Q3: The inference time of the proposed method

Thanks for your advice. I provide the average inference time (in seconds) of each video for fine-grained predictions on XD-Violence and UCF-Crime, and compare results with representative methods with a single Nvidia V100 GPU:

MethodsInference Time on XD-ViolenceInference Time on UCF-Crime
VadCLIP0.210.43
ReFLIP0.380.63
ours0.230.46

We observe that our method outperforms the SOTA ReFLIP in terms of speed. When compared to VadCLIP, it incurs only a marginal increase in processing time, yet achieves substantial improvements in performance.

Q4: The definitions of VOB and the CMB.

Thanks for your comments. VOB denotes both coarse-grained and fine-grained predictions derived exclusively from visual information, without incorporating category text descriptions. Instead, CMB combines visual inputs and text descriptions of anomaly classes.

Q5: Eq. 8 is chosen to regularize the predicted scores rather than ground truth.

Thanks for your comments. Eq.8 acts as a regularizer on the prediction scores and should not be used for GT. We hope to constrain the consistency of coarse-grained and fine-grained predictions by using Equation 8

Q6: The C3D result for LEC-VAD is missing in Table 1.

Thanks for your advice. We apologize for the omission of this result in the original paper. To rectify this, we will include the C3D results for our method in Table 1. This result is also presented here:

ModalityMethodsFeaturesAP(%)
RGBLEC-VADC3D79.58

Q7: Discussions about publications including LLM- or VLM-based approaches.

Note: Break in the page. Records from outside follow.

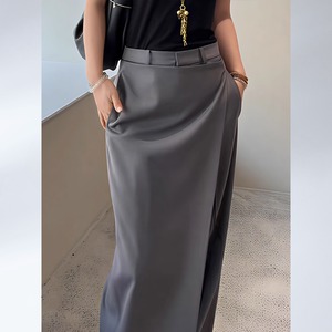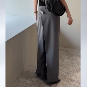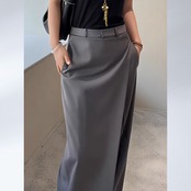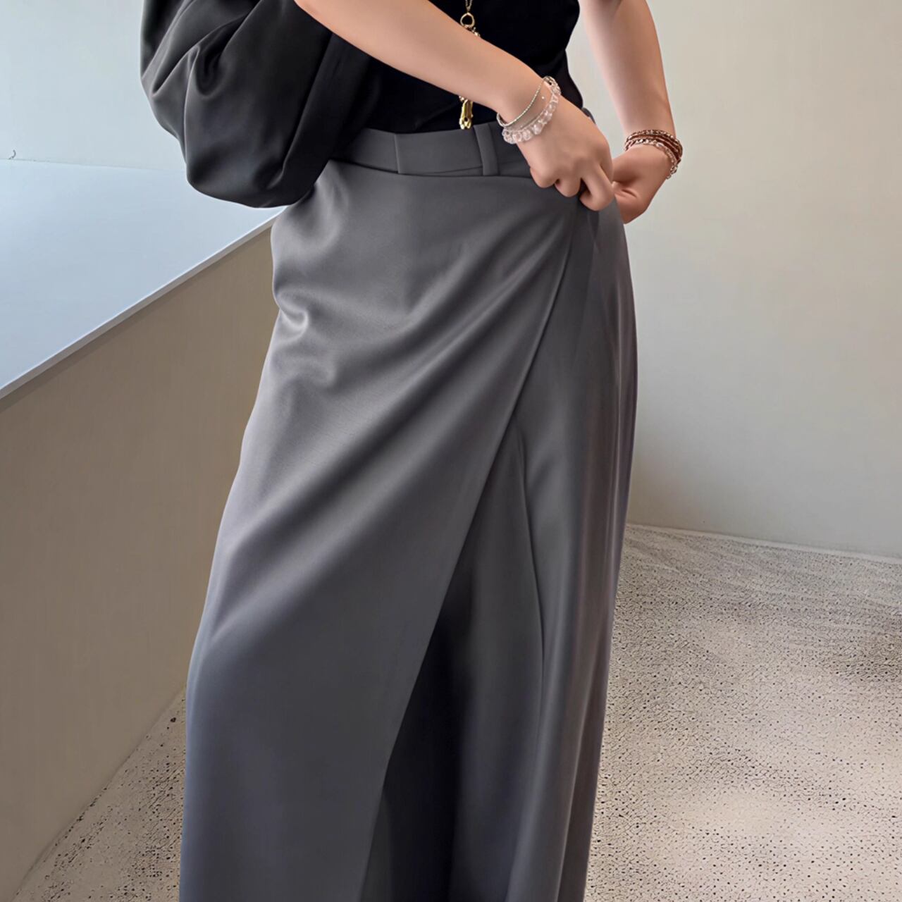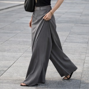 一見スカートのような優雅なドレープが魅力のワイドパンツ。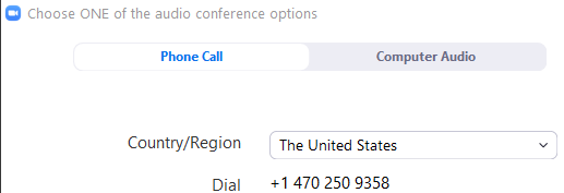 Participants will connect to the meeting via the Zoom Web Client and select Phone Call as the audio conference option.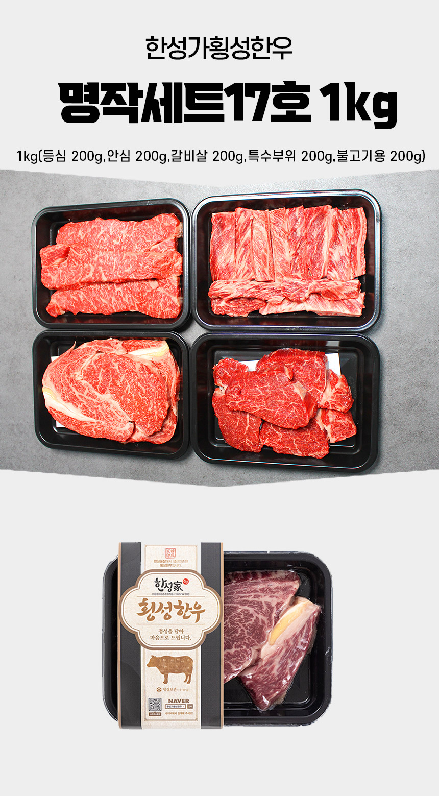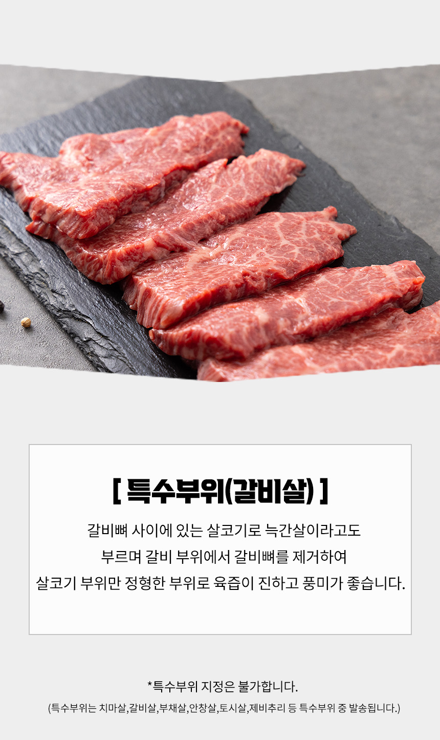 - 등심 200g,안심 200g,갈비살 200g,특수부위 200g,불고기용 200g

Thanks for your advice. Some LLM- or VLM-based methods are used to generate abundant and diverse anomaly class descriptions. Notably, these works introduce additional data and knowledge provided by LLM, and the results based on them may be unfair comparisons. This introduction of external expert knowledge is not in the scope of this article. However, we will add relevant works and discussions in the related work.

Q8: The concept of Event Completeness and how our method addresses this aspect.

Event completeness can be conceptualized as the proportion of predicted intervals relative to the total actual event intervals. It can be reflected when using larger tIoU values. As shown in Table 3 and Table 4, compared with ReFlip, our method achieves more relative improvements for larger tIoU values.

Q9: A detailed comparison between the proposed method and ReFLIP-VAD.

The core idea of ReFLIP-VAD includes: 1) modeling the global and local temporal dependencies; and 2) designing learnable prompt templates to provide interpretable and informative class clues. However, our method focuses on the event completeness. While our focus is also on generating informative text descriptions, we introduce an innovative memory bank-based mechanism, eschewing the use of prompt templates generated by an additional pre-trained encoder.

Q10: Consider enlarging the text in Figure 3 for improved readability.

Thanks for your advice. We will improve them in the camera-ready version.

最终决定

All four reviewers recommended weak accept. The reviewers generally appreciated the proposed idea and the experimental results, particularly in two main settings: coarse-grained and fine-grained.The reviewers also raised several questions in the initial review including, ablation experiments on coarse-grained setting, multi-label evaluation results, ablations when incrementally introducing each module, and questions related to clarity in the presentation. Post-rebuttal, reviewers mentioned that most of their concerns are addressed. Given the manuscript, the rebuttal, and that all reviewers are generally positive, the AC agrees with the reviewers and recommend acceptance. Authors are encouraged to take into account all the suggestions of reviewers and rebuttal when preparing the revised manuscript.